Secondly, Graham Priest came up with what I thought was an even stranger defence of dialethism than I expected. He started by noting that many people find dialethism, the doctrine that there are true contradictions, implausible, but he thought there were several explanations for this other than the fact that dialethism is as false as false can be. First, he attributed it to the pernicious effect of education. I wasn’t too convinced, since it didn’t seem MY education in Australian logic was likely to have so persuaded me. Secondly, he attributed it to the pernicious effect of Aristotle. Indirectly, Aristotle has caused us all to be monolethists. But since Aristotle’s arguments for the principle of non-contradiction are no good, this is not a good reason to reject dialethism. Now I suspect everyone is unpersuaded. Aristotle? Well, apparently Aristotle has had a major impact on Western civilisation. For example, the only source for the widespread idea that sex for non-procreative reasons is ‘naughty’ (Priest’s term) is Aristotle. And this is something else that everyone believes for no good reason other than some lousy teleology in Aristotle. Had there been two people in the room who actually endorsed Aristotle cum Aquinas on this maybe a few more people would have been persuaded. As it was it was the most repeated argument at late night APA parties. (Or at least so I think, my reporter’s notebook starts to look fairly scrawly around then.)

Third, there were a few choice quotes from the conference.

Andy Egan (at the end of an example about no one liking being green): It’s not easy being being green.
(Healthy laughter around room.)
Ted Sider (sitting in front row, joking tone): It’s not easy BEING being green.
About six people sitting around Ted: That is what he just said.
(Raucous laughter around room.)
Ted: Oh, so thatÂ’s why everyone laughed.

Ken Taylor: Our thoughts can be as confused as possible.

David Kaplan: All my remarks are meant to be suggestive not accurate.
(Several people thought that if this were possibly true it would have been.)

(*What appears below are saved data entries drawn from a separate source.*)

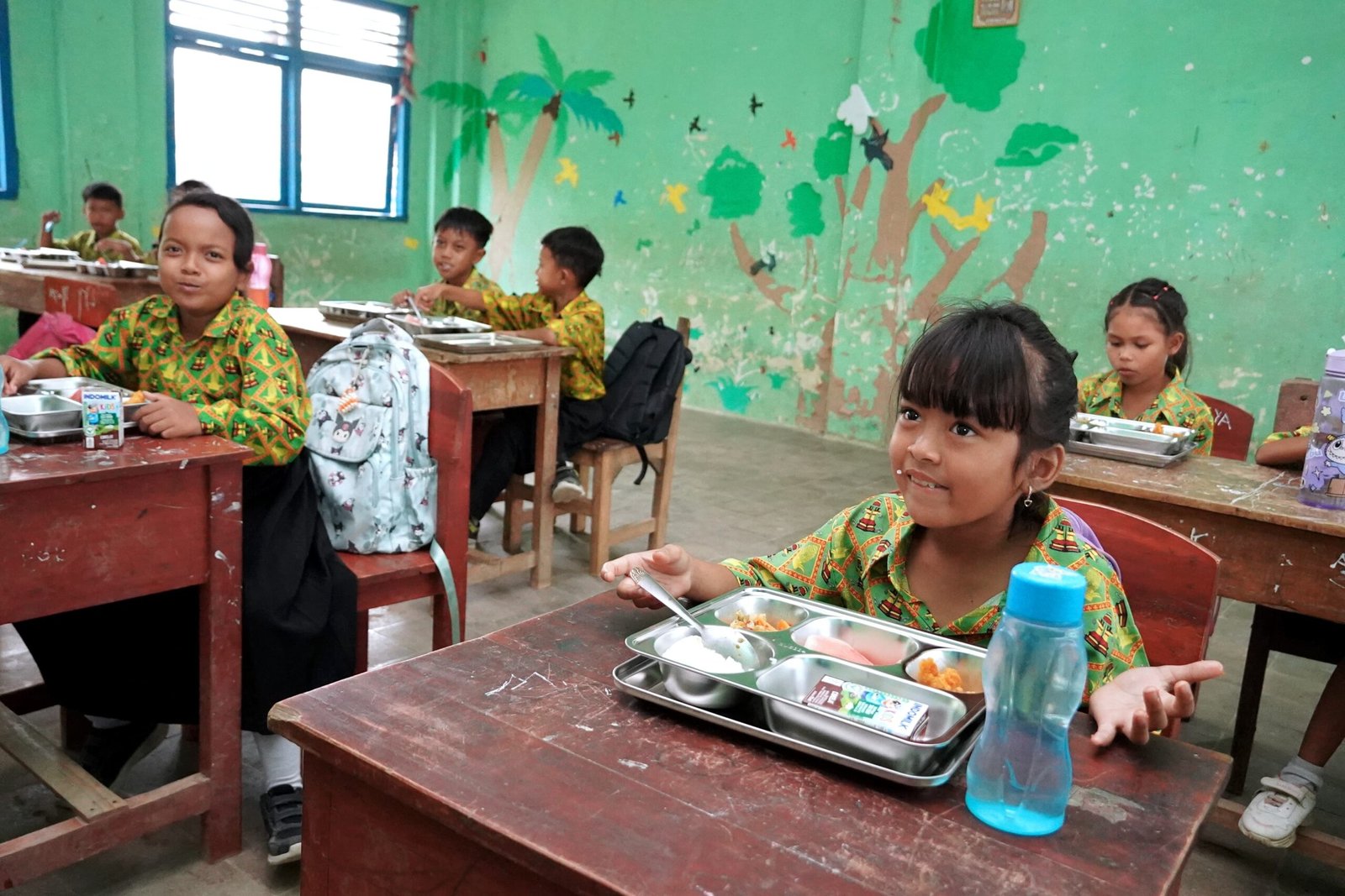“kadang-kadang anak-anak jajan sembarangan, bahkan sekalipun sudah sarapan mereka masih jajan yang kurang bermanfaat, MBG ini lebih baik dan mengurangi jajan anak-anak dan menunya lengkap, ikan, sayuran, susu, jadi lebih bergizi buat anak-anak,” kata Apriyani.
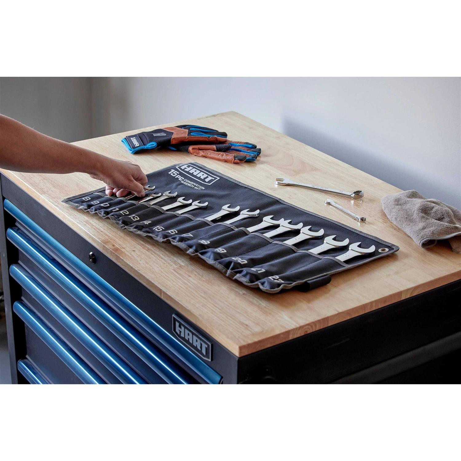 Hart 15-Piece MM Combination Wrench Set with Tool Pouch
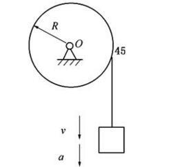 如图半径为R的滑轮上绕一绳子,绳与轮间无相对滑动。绳子一端挂一物块,在图示位置物块有速度和加速度。M点为滑轮上与铅垂绳段的相切点,则在此瞬时M点加速度的大小为( )。
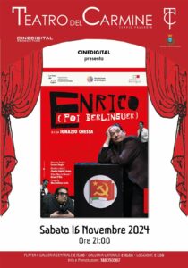 Il calendario messo a punto dal Teatro del Carmine, prevede per il prossimo 16 novembre la presenza sul palco di Ignazio Chessa, autore e protagonista del lavoro su Enrico Berlinguer, quasi una rievocazione della vita politica del Segretario del PCI, dalle prime esperienze a Sassari fino alla scomparsa prematura nel 1984, arrivata con il malore sul palco di Padova. Episodi storici, momenti privati, filmati d’epoca e il racconto di Ignazio Chessa, offriranno al pubblico momenti di riflessione.
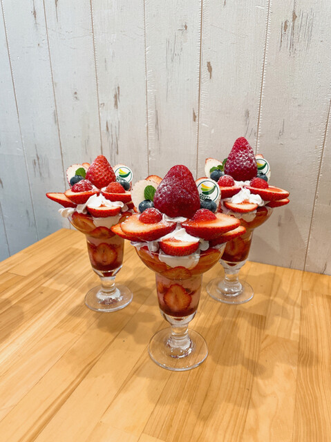 オールあまりんパフェ(埼玉県久米原農園さん) 3種のいちごパフェ いばらキッス(茨城県ふじえだいちご園さん)
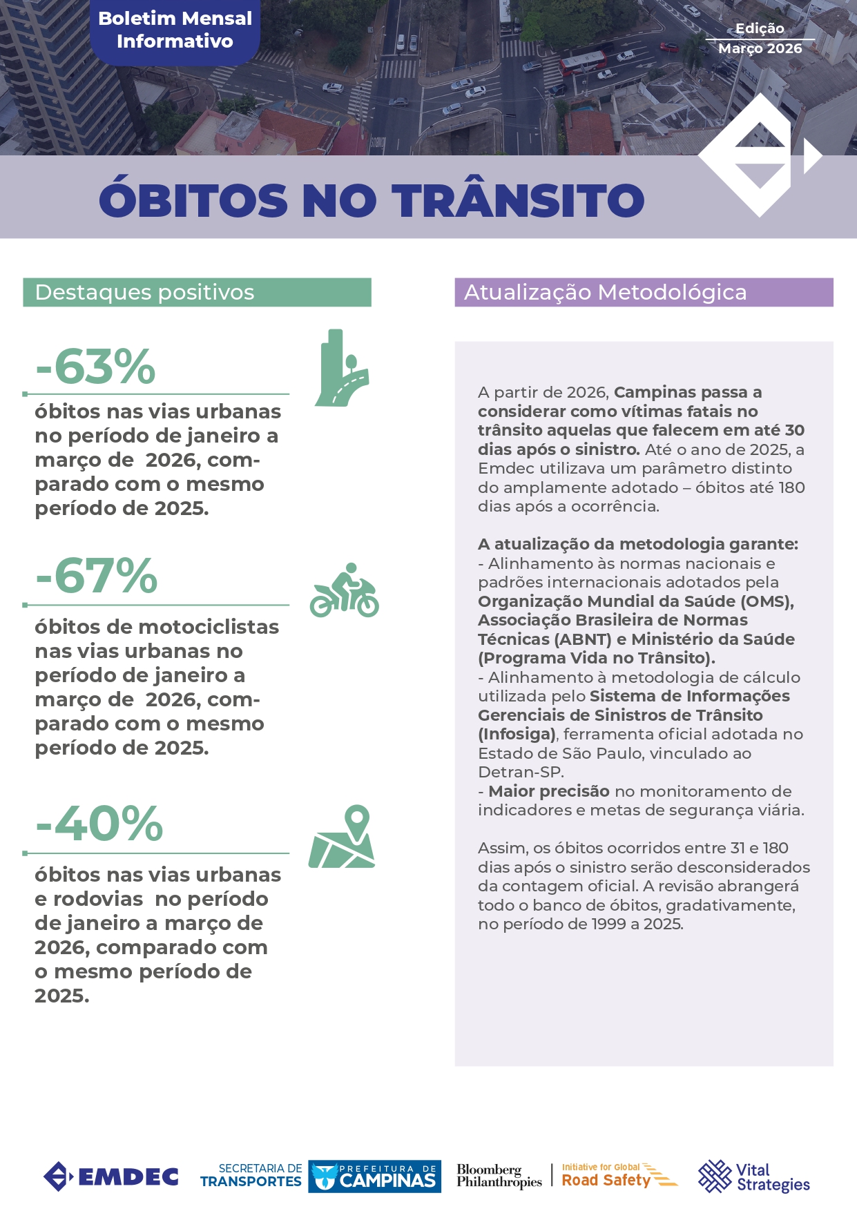 Os materiais a seguir trazem dados baseados na metodologia utilizada pela Emdec até 2025, que considerava como vítimas fatais no trânsito aquelas que faleciam em até 180 dias após o sinistro.
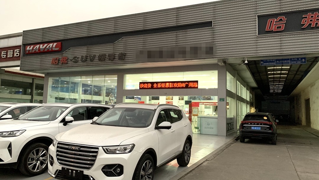 首先探访的是天河哈弗4S店,地址位于黄埔大道,店面规模中规中矩。尽管是工作日,但是门口依旧停满了客户的车与新车,车位较为紧张,哈弗车型热销程度可见一斑。店内布局较为整洁合理,前台询问了编者想了解的车型以后,马上安排了一位销售进行接待。
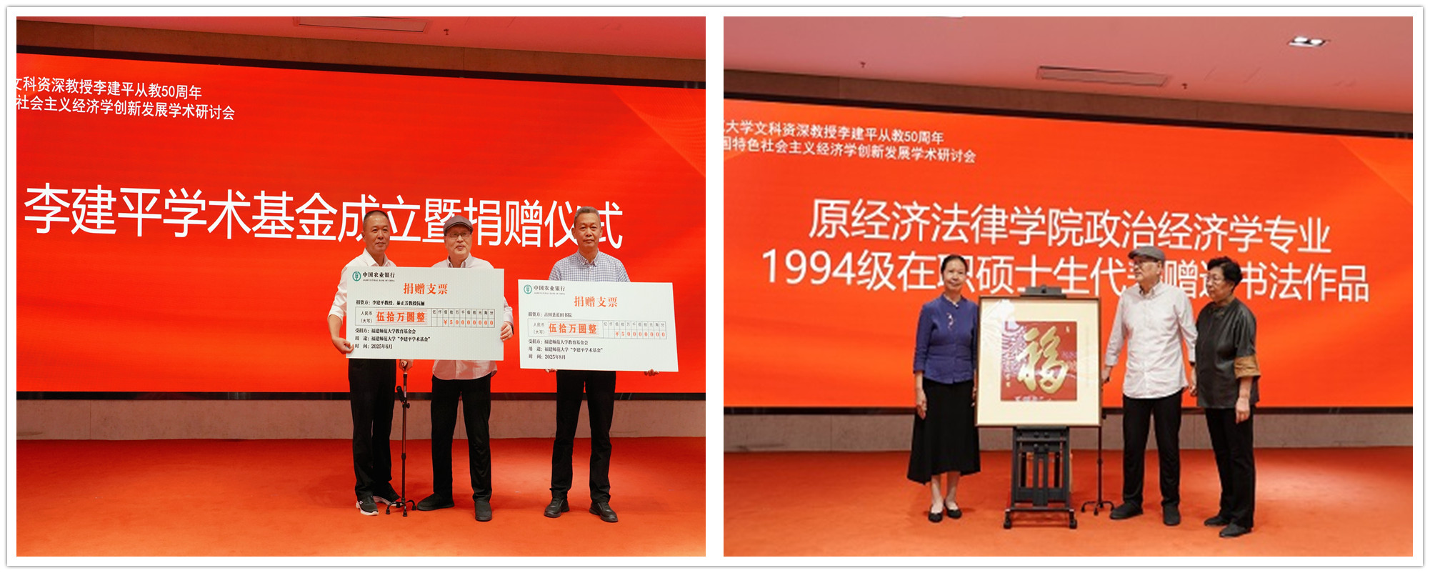 开幕式上还举行了李建平学术基金成立暨捐赠仪式。李建平教授与校友捐赠者代表、古田县蓝田书院理事长余云辉校友共同进行捐赠。在李建平学术基金成立后,李建平教授、綦正芳教授伉俪率先捐赠50万元。在广大校友、全校师生和社会各界的踊跃响应下,该基金累计收到捐赠款300万元,今后将用于支持韦德(中国)理论经济学和马克思主义学科发展。
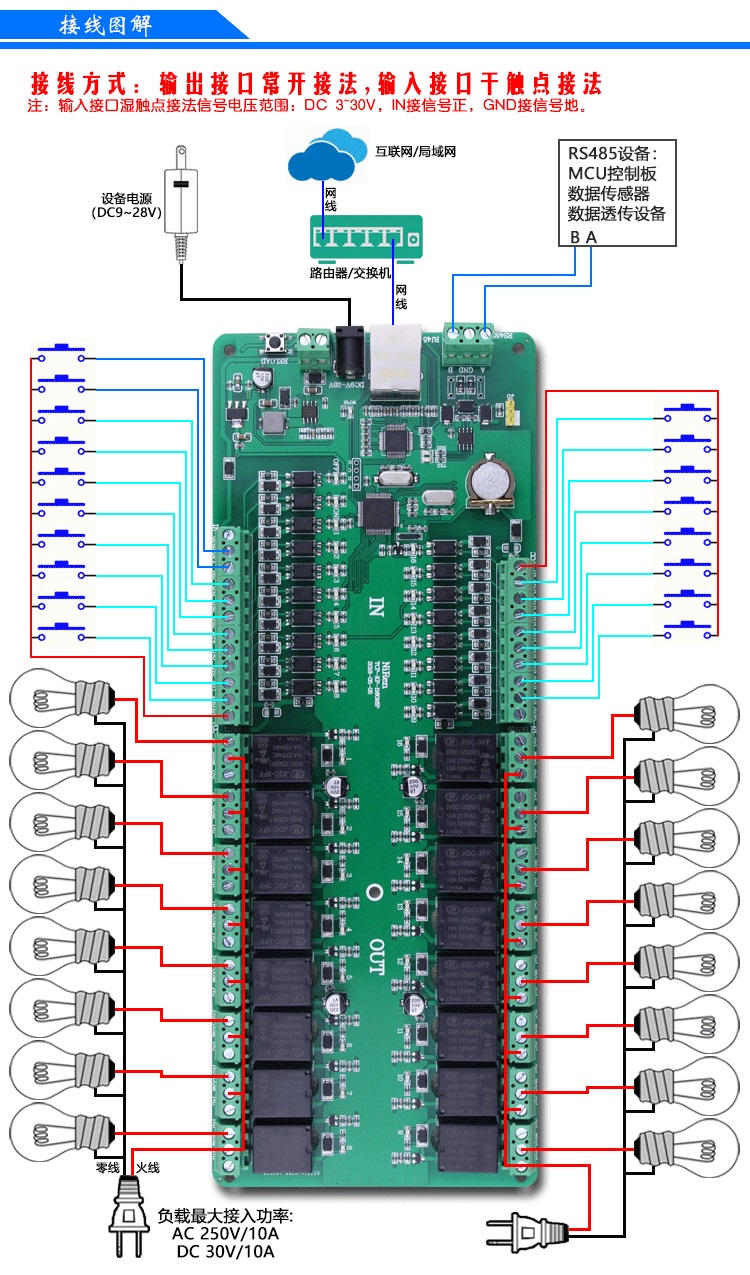 ??? 設(shè)備采用工業(yè)級(jí)設(shè)計(jì)方案,搭載32 ARM 處理器和10/100M 以太網(wǎng)網(wǎng)絡(luò)方案,具有速度快,運(yùn)算能力強(qiáng),穩(wěn)定性高,抗干擾能力強(qiáng)等特點(diǎn),滿足工業(yè)環(huán)境使用要求。設(shè)備有16 路繼電器輸出、18 路開關(guān)量隔離輸入和1 RS485 接口,繼電器支持實(shí)時(shí)控制、延時(shí)控制、輸入輸出聯(lián)動(dòng)控制、一鍵全開全關(guān)控制、日循環(huán)定時(shí)控制和自定義日期控制等多種控制方式,開關(guān)量輸入狀態(tài)支持被動(dòng)上傳、定時(shí)上傳和觸發(fā)上傳,RS485 接口支持用于控制設(shè)備或傳輸數(shù)據(jù),以滿足更多不同的場(chǎng)合使用,滿足更多用戶的使用需求。

John Hawthorne: Epistemology isn’t rocket science.
—-: Suppose I have many friends and they’re all losers.
—-: If you put a gun to my head I’ll go with that theory.
—-: Every theory sucks.

Graham Priest (introducing the above argument): One should not underestimate the influence of Aristotle on popular culture.

Ted Sider (doing play-by-play, or at least sentence-by-sentence commentary on one of his commentators): Yes. Yes. Yes. Yes. No. No. No. NO. NO!

Finally, and just so I can get the last joke, John and I had the following written exchange while John was trying to come up with an example. The example ended up involving a time-travelling, causally indeterministic, twice located at the same part of spacetime ghost, who was not in pain even though it was not true that it was not the case that he was in pain. Surprisingly, the behaviour of such ghosts seems to be relevant to the persistence conditions of ordinary material objects. Who knew? Anyway, the exchange went like this

John: Can one say that internal negation doesn’t commute with external negation.
Brian: You can say this, but people will laugh at you.
John: Deep thoughts are like that.
Brian: So are fuck-ups.

If Cleveland is even half as much fun it will be good value for money.

UPDATE: I added two more quotes from Ted, one recalled by Andy Egan, to the quotes board.